Таков же он был и как преподаватель артиллерии на младших курсах. Не мудрствуя лукаво, не вдаваясь в сложные математические вычисления, а базируясь главным образом на здравом смысле, он удивительно умело вкладывал в наши головы основы баллистики. Эти первоначальные основы значительно облегчали изучение деталей сложного артиллерийского дела в последующие два года.

Не производя своей фигурой впечатления изысканной вежливости, полковник Чернявский тем не менее был очень тактичен. Про него, например, рассказывали такой случай, относящийся к времени состояния великого князя Сергея Михайловича юнкером нашего училища: после первого конного батарейного учения в лагере батарея приезжала в парк, и полковник Чернявский скомандовал: «Ездовые слезай»; великий князь немедленно же после этого отправился в барак, не ожидая последующей команды.

В следующий раз полковник Чернявский проделал то же самое и, дав великому князю пройти значительное расстояние по направлению к баракам, скомандовал: «Садись». Великому князю пришлось бежать обратно к своему коню. Естественно, более не повторялось ничего подобного.

Этот инцидент не отразился на добрых отношениях великого князя к своему «дядьке», как любовно называл он полковника Чернявского.

В бытность мою юнкером я частенько видел у нас на стрельбе великого князя Сергея Михайловича, изучавшего на практике это трудное дело под руководством своего способного «дядьки».

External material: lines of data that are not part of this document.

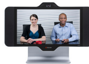
Polycom HDX 4500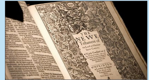
"The Royal Law" James 2:8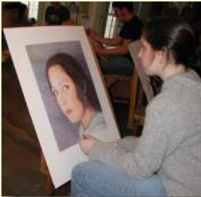
NEW programs at NHTI see page 2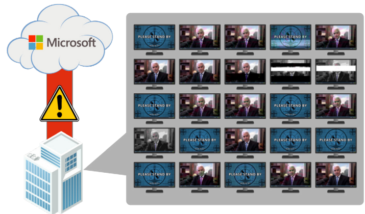
Video streams crossing your firewall can create network congestion, resulting in a poor quality of experience for viewers.

To create a high-quality experience for all viewers, AltitudeCDN resolves the network congestion created by bandwidth-intensive video by optimizing video traffic across your network.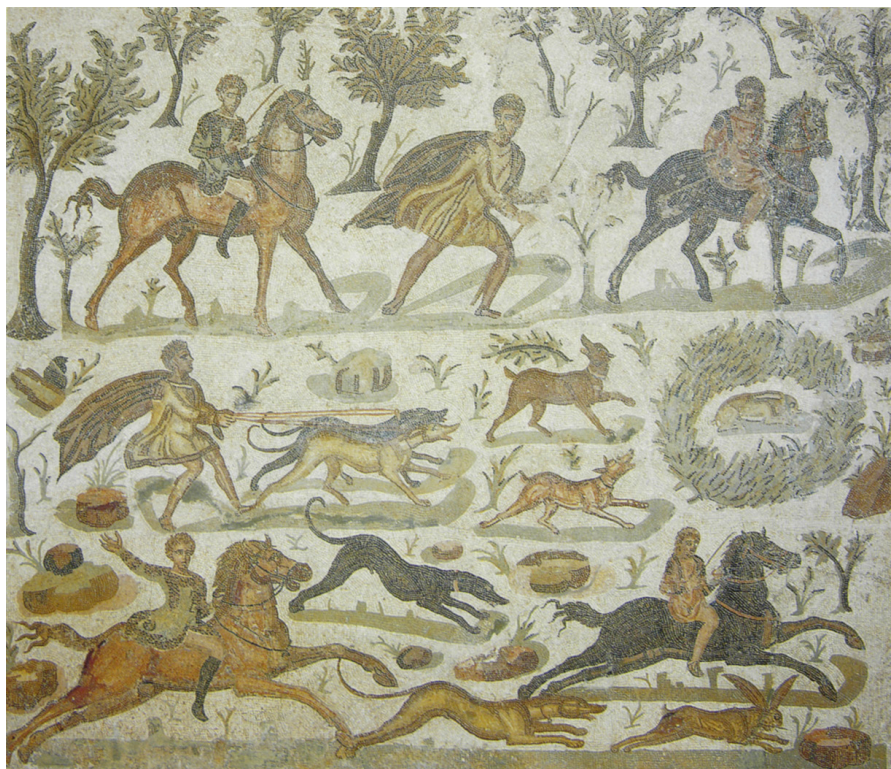
Figure 17 El Jem, Mosaic of hare hunt. Tunis, Musée du Bardo.

Hunting imagery in various contexts, both realistic and mythological, conveys the pleasure and exhilaration of the sport as well as the courage and cunning of the hunter. It also is sometimes associated with staged hunts in the amphitheater or venationes sponsored by the mosaic patron. The particular emphasis varies from one pavement to another. An early hunting mosaic of western origin is a 3 rd -century pavement from El Jem (Yacoub 1995: 251-252 fig. 129) in Tunisia

Ровность отношений, молчаливость, соединенная с довольно строгим видом полковника Чернявского, заставляли всех нас его бояться, но вместе с тем уважать и даже любить за его разумную справедливость в разборе наших прегрешений по службе.

Как всегда, про таких, как полковник Чернявский, незаурядных личностей, было много рассказов и анекдотов, старавшихся оттенить ту или иную особенность его недюжинной натуры. Я вспоминаю такой рассказ про юнкера Солонину. При представлении полковнику Чернявскому он назвал свою фамилию, делая ударение на втором слоге. «Как? – спросил полковник Чернявский, – Солонина? Такого слова нет, «солонина» – знаменитый полк». Чернявский умышленно протянул слог «ни». Так затем три года и величали его в училище.

Из других офицеров училища мне памятны: штабс-капитан Эрис-хан Алиев, мой полубатарейный командир, и поручик Похвиснев. Эрис-хан Алиев имел военную жилку и обладал большим здравым смыслом. Это сказывалось на ведении им строевых занятий, в частности, по верховой езде. Им, например, практиковался такой, вероятно принятый на Кавказе среди горцев, способ приучения людей не бояться лошадей. Он заставлял боязливого юнкера подползать под брюхо лошади и чесать его. Естественно, сейчас же стал циркулировать между нами такой рассказ про одного из наших товарищей: когда он был под брюхом лошади, то штабс-капитан Эрис-хан Алиев, поправляя указательным пальцем правой руки свои усы, спрашивает, чешет ли он; боязливым голосом тот отвечает ему из-под брюха: «Чешу, чешу, господин капитан».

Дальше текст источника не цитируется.